■ **What to produce**: Each entry is to be given again exactly; drop the images.

■ **Data supplied**:
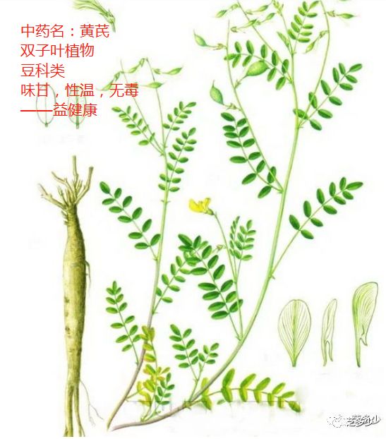 甘,微温。归脾、肺经。补脾肺气,升阳举陷,益卫固表,利尿,托毒生肌。黄芪为豆科植物蒙古黄芪膜荚黄芪的干燥根。含氨基酸、粘液质、糖类、苦味素、胆碱甜菜碱叶酸、熊竹素,β-谷甾醇(、黄芪多糖等。凡癌症患者因脾肺气虚所致面色白光白,倦怠无力,纳少便溏,吐血便血,咳喘气短,痰多稀白,少气懒言,乏力自汗,心悸失眠,气虚发热,浮肿尿少等均可用之。《本草害利》云:"黄芪极滞胃口,胸胃不宽,肠胃有积滞者勿用……
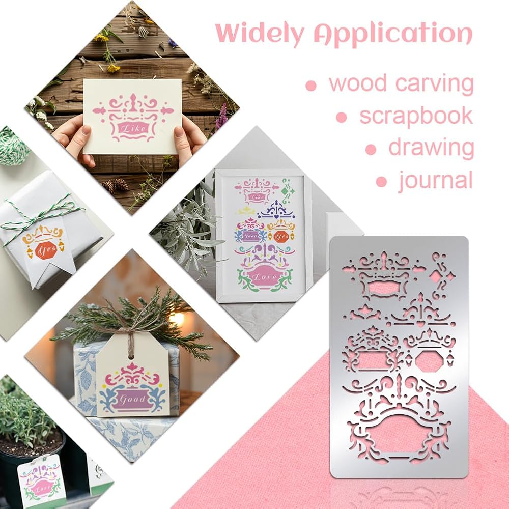 Metal Journal Stencil: This bookmark metal journal stencil Including many frame pattern, different frame decoration pattern, perfect for decorating your scrapbooks and notebooks, delicate and cute!
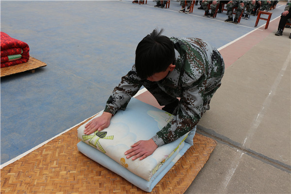 在军事训练科目表演中,各方队整齐划一,口号嘹亮,依次通过大会主席台。尽管天公不作美,但这丝毫不能影响各方队如火的热情。军事技能训练展示时,同学们认真表演,听从指挥。站军姿,气宇轩昂;踢正步,意气风发;唱军歌,斗志昂扬。呐喊声此起彼伏,响彻了整个校园;内务整理展示时,同学们一丝不苟的整理着被褥,不一会一条条被褥就变成了整齐的“豆腐块”。
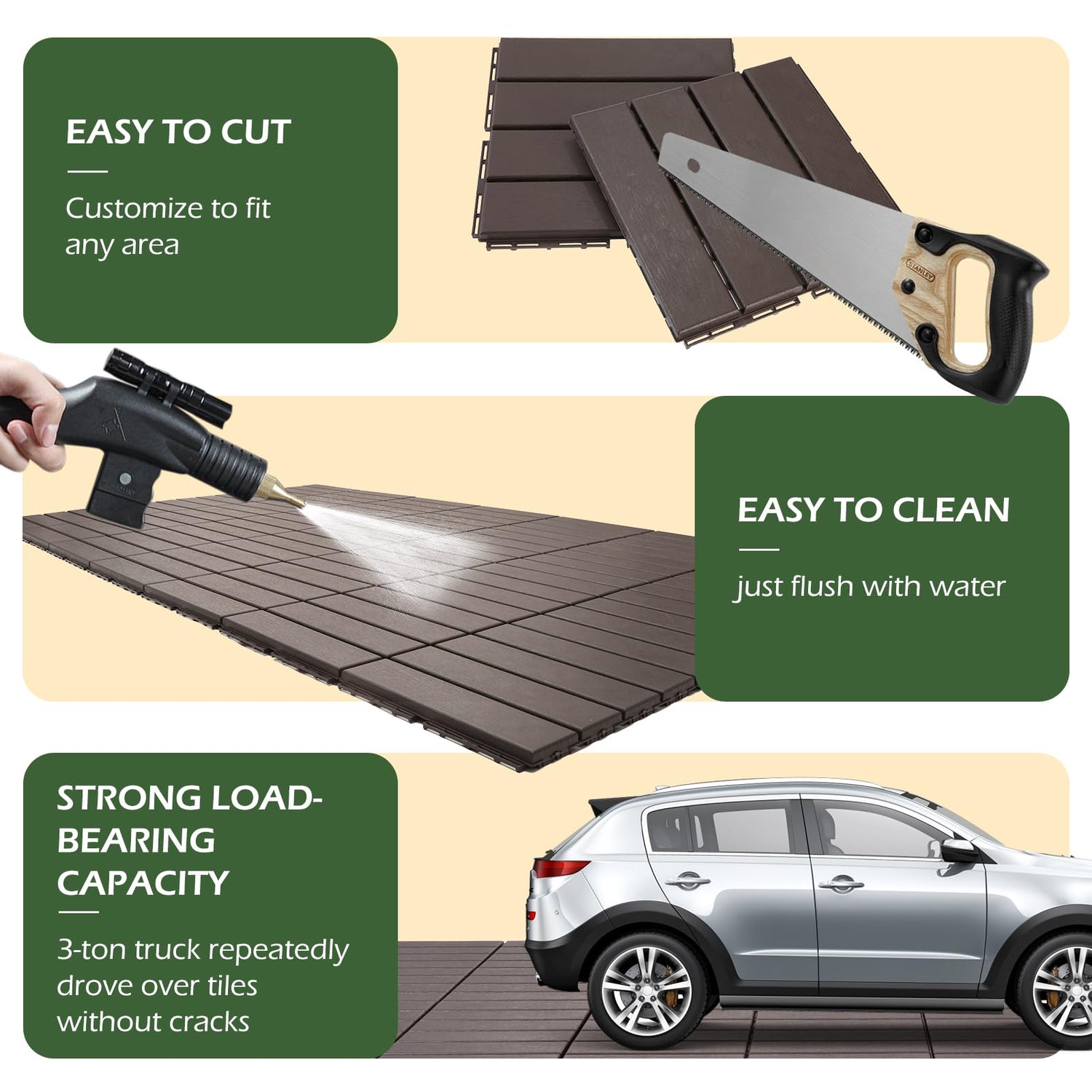 - 【Easy Maintenance】: Our decking tiles are designed to be low-maintenance, easy to clean and maintain, saving you time and effort. Just flushed with water gun and other cleaning tools takes to keep them looking great.
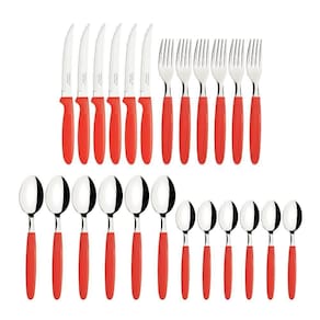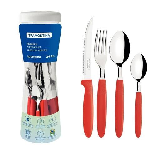 Tipo de embalagem: Pote | Material do cabo: Plástico | Modelo detalhado: Ipanema | Marca: Tramontina | Modelo: Ipanema | Material da lâmina: Aço Inox | Fonte do produto: Tramontina | Linha: Ipanema | Unidades por kit: 24 | É kit: Não | Talheres incluídos: Garfo, Faca, Colher e Colher de Chá | Quantidade de peças: 24 Peças | Condição do item: Novo | É apto para lava-louças: Sim | É kit de fábrica: Sim | Regulamentação Produto Perigoso: Não Aplicável Cor: Vermelho
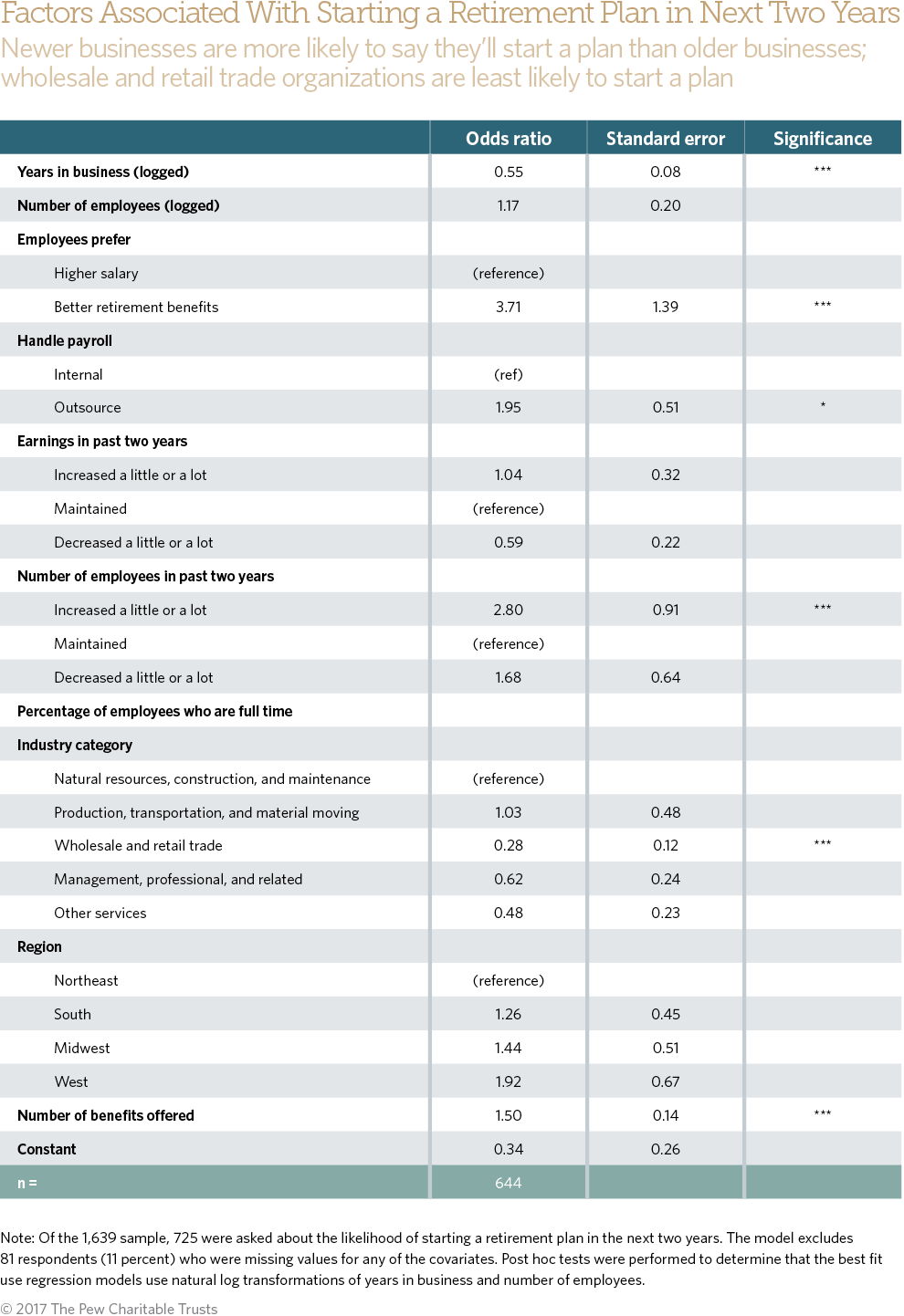 But many small and midsize employers appear eager to factor in their workers’ priorities as well. Those who say their employees prefer better retirement benefits over higher pay are more than three times as likely as those who say the reverse to respond that they intend to start a plan. (See Appendix Table 2 for regression results.)
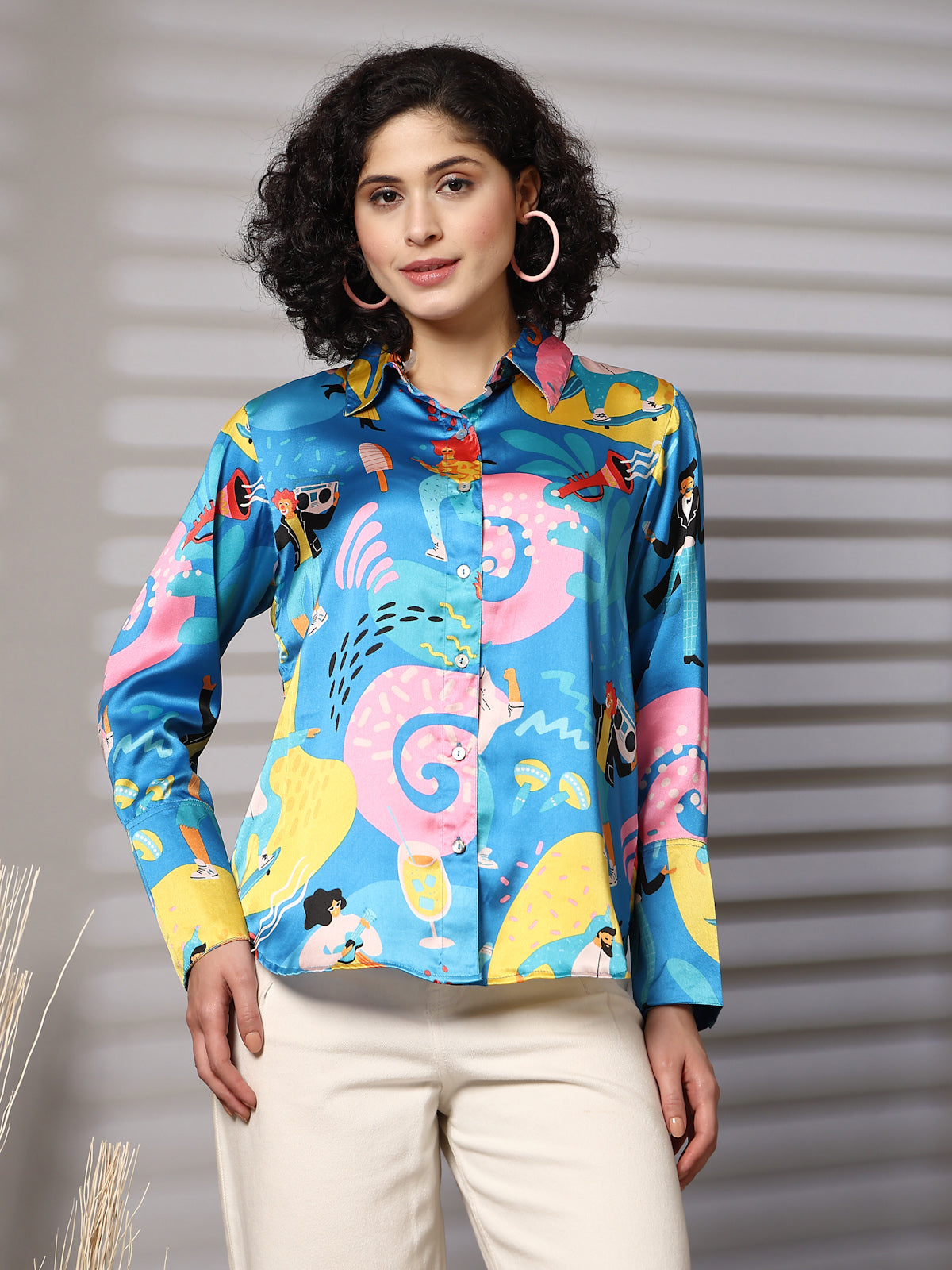 Women Animal Opaque Printed Casual Cotton Buttoned Top
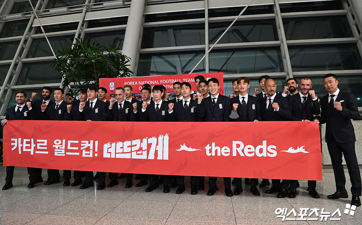 (엑스포츠뉴스 인천공항, 김한준 기자) 2022 카타르 월드컵에 참가하는 대한민국 축구대표팀이 14일 오전 인천국제공항을 통해 카타르로 출국한다. 대한민국 축구대표팀이 출국 전 기념촬영을 갖고 있다.
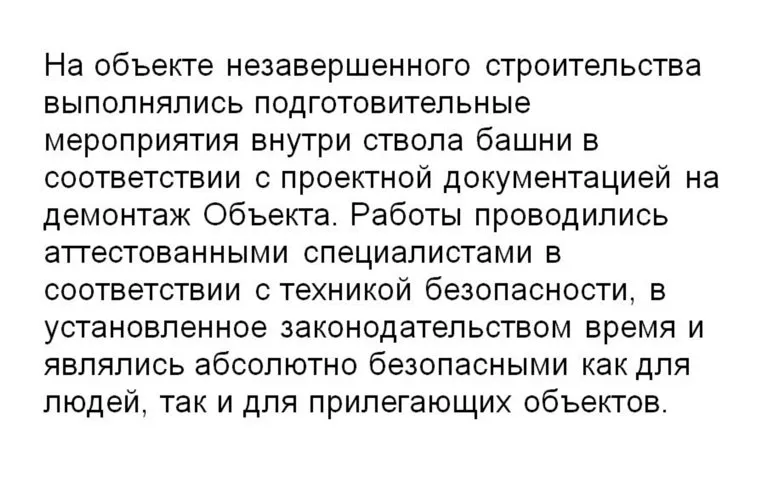 А вот когда будет демонтаж самой башни, тогда уже мы будем уведомлять МЧС, администрацию города, МВД. Минимум за сутки будет оповещение о дате и времени, и с точностью до секунды будут произведены все работы.

■ **Answer section**:
 甘,微温。归脾、肺经。补脾肺气,升阳举陷,益卫固表,利尿,托毒生肌。黄芪为豆科植物蒙古黄芪膜荚黄芪的干燥根。含氨基酸、粘液质、糖类、苦味素、胆碱甜菜碱叶酸、熊竹素,β-谷甾醇(、黄芪多糖等。凡癌症患者因脾肺气虚所致面色白光白,倦怠无力,纳少便溏,吐血便血,咳喘气短,痰多稀白,少气懒言,乏力自汗,心悸失眠,气虚发热,浮肿尿少等均可用之。《本草害利》云:"黄芪极滞胃口,胸胃不宽,肠胃有积滞者勿用……
 Metal Journal Stencil: This bookmark metal journal stencil Including many frame pattern, different frame decoration pattern, perfect for decorating your scrapbooks and notebooks, delicate and cute!
 在军事训练科目表演中,各方队整齐划一,口号嘹亮,依次通过大会主席台。尽管天公不作美,但这丝毫不能影响各方队如火的热情。军事技能训练展示时,同学们认真表演,听从指挥。站军姿,气宇轩昂;踢正步,意气风发;唱军歌,斗志昂扬。呐喊声此起彼伏,响彻了整个校园;内务整理展示时,同学们一丝不苟的整理着被褥,不一会一条条被褥就变成了整齐的“豆腐块”。
 - 【Easy Maintenance】: Our decking tiles are designed to be low-maintenance, easy to clean and maintain, saving you time and effort. Just flushed with water gun and other cleaning tools takes to keep them looking great.
 Tipo de embalagem: Pote | Material do cabo: Plástico | Modelo detalhado: Ipanema | Marca: Tramontina | Modelo: Ipanema | Material da lâmina: Aço Inox | Fonte do produto: Tramontina | Linha: Ipanema | Unidades por kit: 24 | É kit: Não | Talheres incluídos: Garfo, Faca, Colher e Colher de Chá | Quantidade de peças: 24 Peças | Condição do item: Novo | É apto para lava-louças: Sim | É kit de fábrica: Sim | Regulamentação Produto Perigoso: Não Aplicável Cor: Vermelho
 But many small and midsize employers appear eager to factor in their workers’ priorities as well. Those who say their employees prefer better retirement benefits over higher pay are more than three times as likely as those who say the reverse to respond that they intend to start a plan. (See Appendix Table 2 for regression results.)
 Women Animal Opaque Printed Casual Cotton Buttoned Top
 (엑스포츠뉴스 인천공항, 김한준 기자) 2022 카타르 월드컵에 참가하는 대한민국 축구대표팀이 14일 오전 인천국제공항을 통해 카타르로 출국한다. 대한민국 축구대표팀이 출국 전 기념촬영을 갖고 있다.
 А вот когда будет демонтаж самой башни, тогда уже мы будем уведомлять МЧС, администрацию города, МВД. Минимум за сутки будет оповещение о дате и времени, и с точностью до секунды будут произведены все работы.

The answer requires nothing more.